● **EXERCISE INPUTS**
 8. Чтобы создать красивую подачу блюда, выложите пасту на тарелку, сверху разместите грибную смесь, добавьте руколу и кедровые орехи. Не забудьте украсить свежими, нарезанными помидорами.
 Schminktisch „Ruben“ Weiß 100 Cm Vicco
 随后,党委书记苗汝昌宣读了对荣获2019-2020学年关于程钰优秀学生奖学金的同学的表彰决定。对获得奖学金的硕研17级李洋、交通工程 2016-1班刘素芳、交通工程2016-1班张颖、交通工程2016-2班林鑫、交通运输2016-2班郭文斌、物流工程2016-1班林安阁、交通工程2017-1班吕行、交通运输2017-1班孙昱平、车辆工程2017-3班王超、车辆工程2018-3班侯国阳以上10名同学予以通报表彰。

--

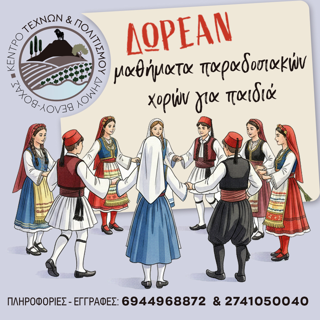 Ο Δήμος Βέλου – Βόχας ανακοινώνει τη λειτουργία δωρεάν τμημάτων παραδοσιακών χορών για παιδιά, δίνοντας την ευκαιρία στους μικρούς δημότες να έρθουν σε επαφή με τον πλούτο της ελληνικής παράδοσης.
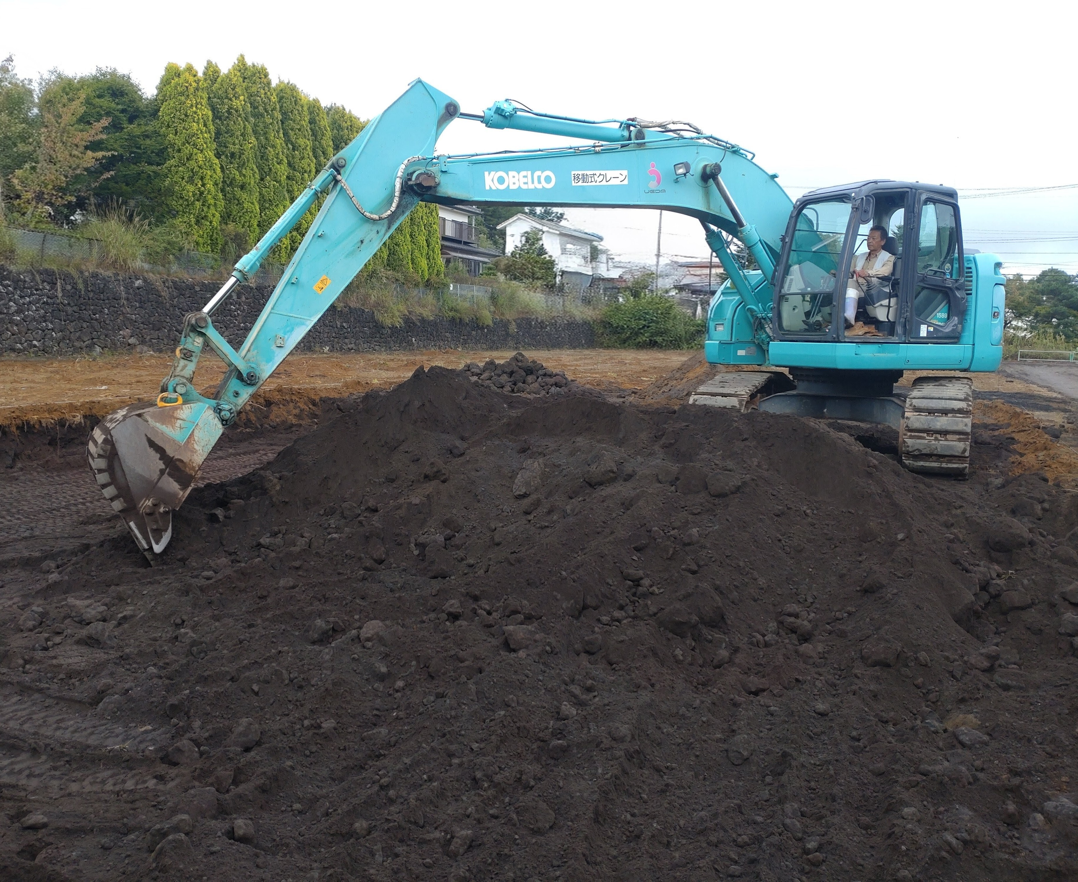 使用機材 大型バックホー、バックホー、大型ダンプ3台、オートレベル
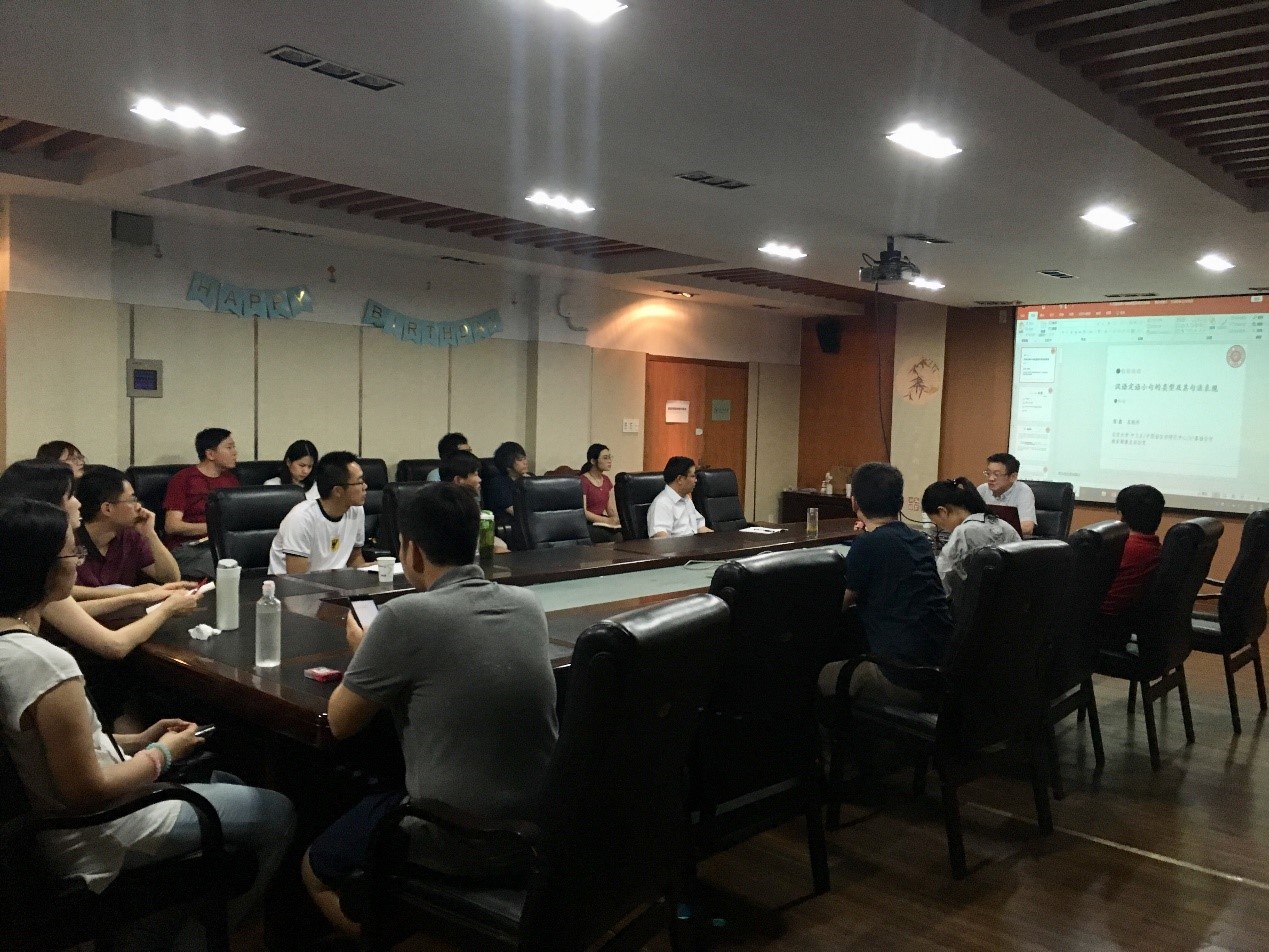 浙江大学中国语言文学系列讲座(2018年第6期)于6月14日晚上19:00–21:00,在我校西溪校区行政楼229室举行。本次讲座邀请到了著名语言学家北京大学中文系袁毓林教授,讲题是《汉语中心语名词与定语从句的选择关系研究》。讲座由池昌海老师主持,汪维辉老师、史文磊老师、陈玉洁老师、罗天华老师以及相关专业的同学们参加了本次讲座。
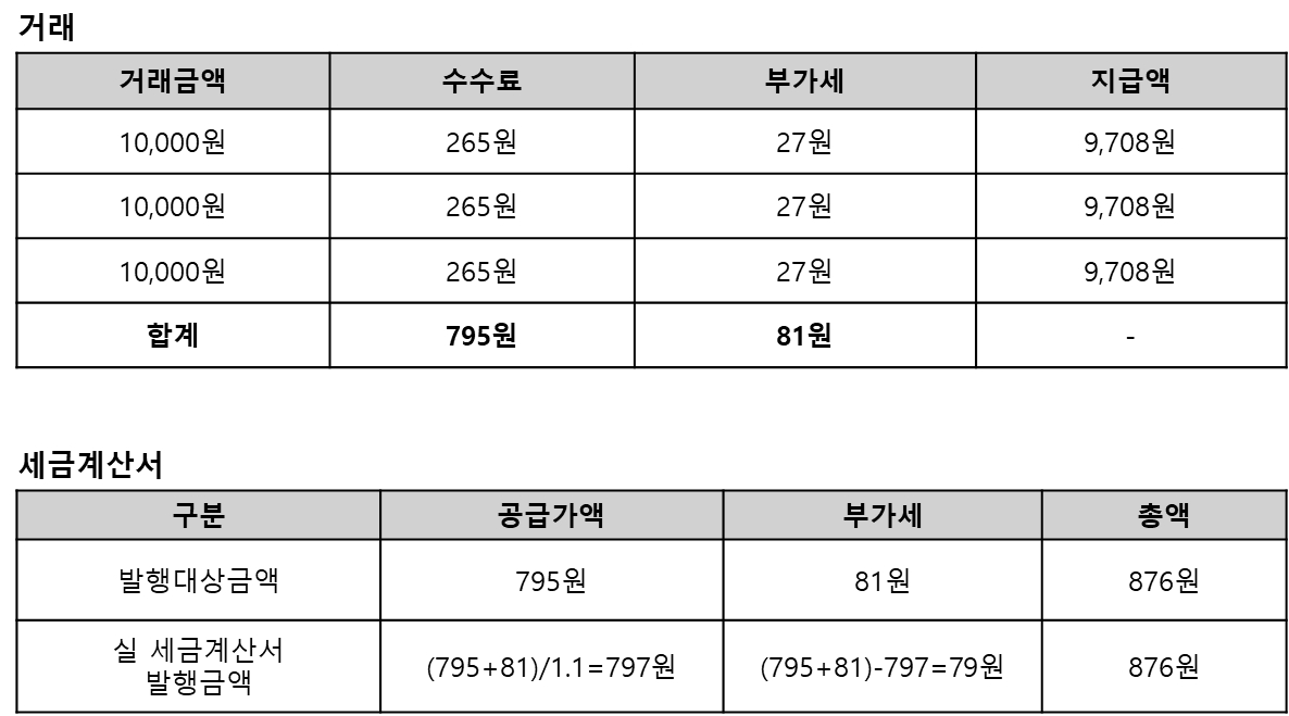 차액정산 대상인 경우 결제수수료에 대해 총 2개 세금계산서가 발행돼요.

---

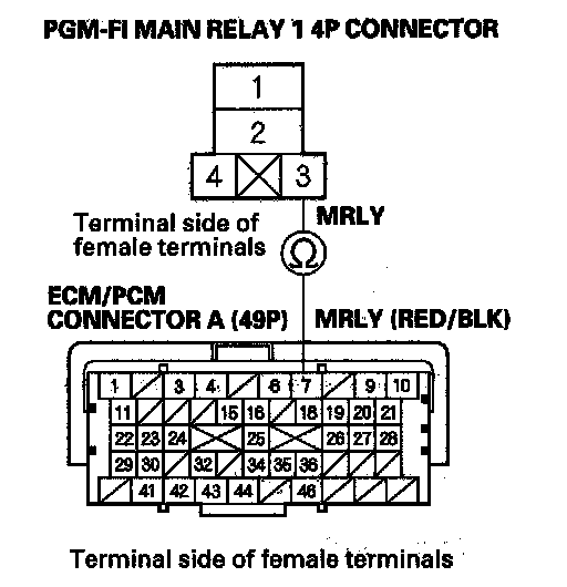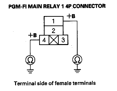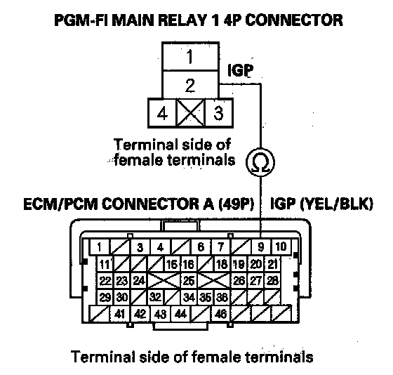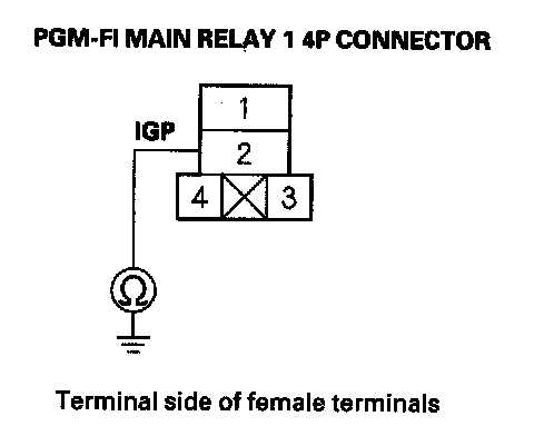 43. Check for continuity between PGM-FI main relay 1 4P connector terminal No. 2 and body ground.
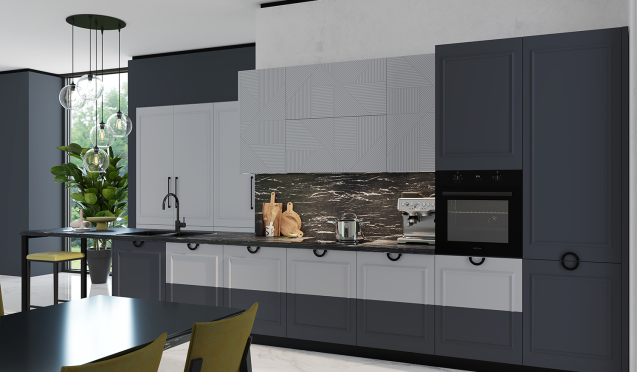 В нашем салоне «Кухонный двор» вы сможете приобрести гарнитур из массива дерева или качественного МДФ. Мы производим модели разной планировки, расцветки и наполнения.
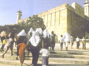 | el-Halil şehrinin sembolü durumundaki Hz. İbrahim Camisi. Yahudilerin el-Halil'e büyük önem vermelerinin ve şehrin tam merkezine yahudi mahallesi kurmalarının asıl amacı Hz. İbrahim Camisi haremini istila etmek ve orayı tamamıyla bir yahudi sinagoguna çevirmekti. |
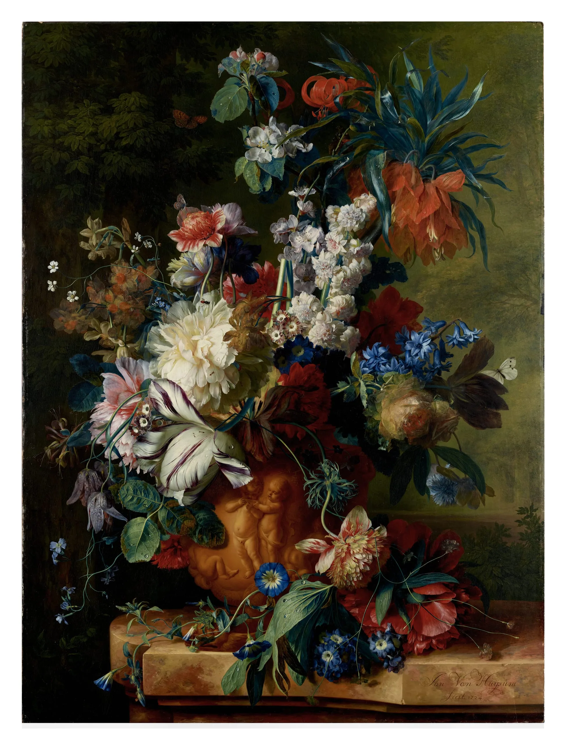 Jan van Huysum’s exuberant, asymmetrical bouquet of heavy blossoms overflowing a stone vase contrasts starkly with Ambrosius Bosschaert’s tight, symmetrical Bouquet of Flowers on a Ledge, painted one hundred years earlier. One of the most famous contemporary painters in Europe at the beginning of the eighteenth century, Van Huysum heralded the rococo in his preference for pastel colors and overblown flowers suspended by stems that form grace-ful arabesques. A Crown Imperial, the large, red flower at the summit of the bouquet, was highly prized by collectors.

● **PROBLEM STATEMENT**
The response must repeat exactly the lines above from the one with "浙江大学中国语言文学系列讲座" through the one with "차액정산 대상인 경우 결제수수료에 대해 총 2개 세금계산서가 발행돼요.", including both, and must contain no pictures and no other text.

● **WRITTEN REPLY**
 浙江大学中国语言文学系列讲座(2018年第6期)于6月14日晚上19:00–21:00,在我校西溪校区行政楼229室举行。本次讲座邀请到了著名语言学家北京大学中文系袁毓林教授,讲题是《汉语中心语名词与定语从句的选择关系研究》。讲座由池昌海老师主持,汪维辉老师、史文磊老师、陈玉洁老师、罗天华老师以及相关专业的同学们参加了本次讲座。
 차액정산 대상인 경우 결제수수료에 대해 총 2개 세금계산서가 발행돼요.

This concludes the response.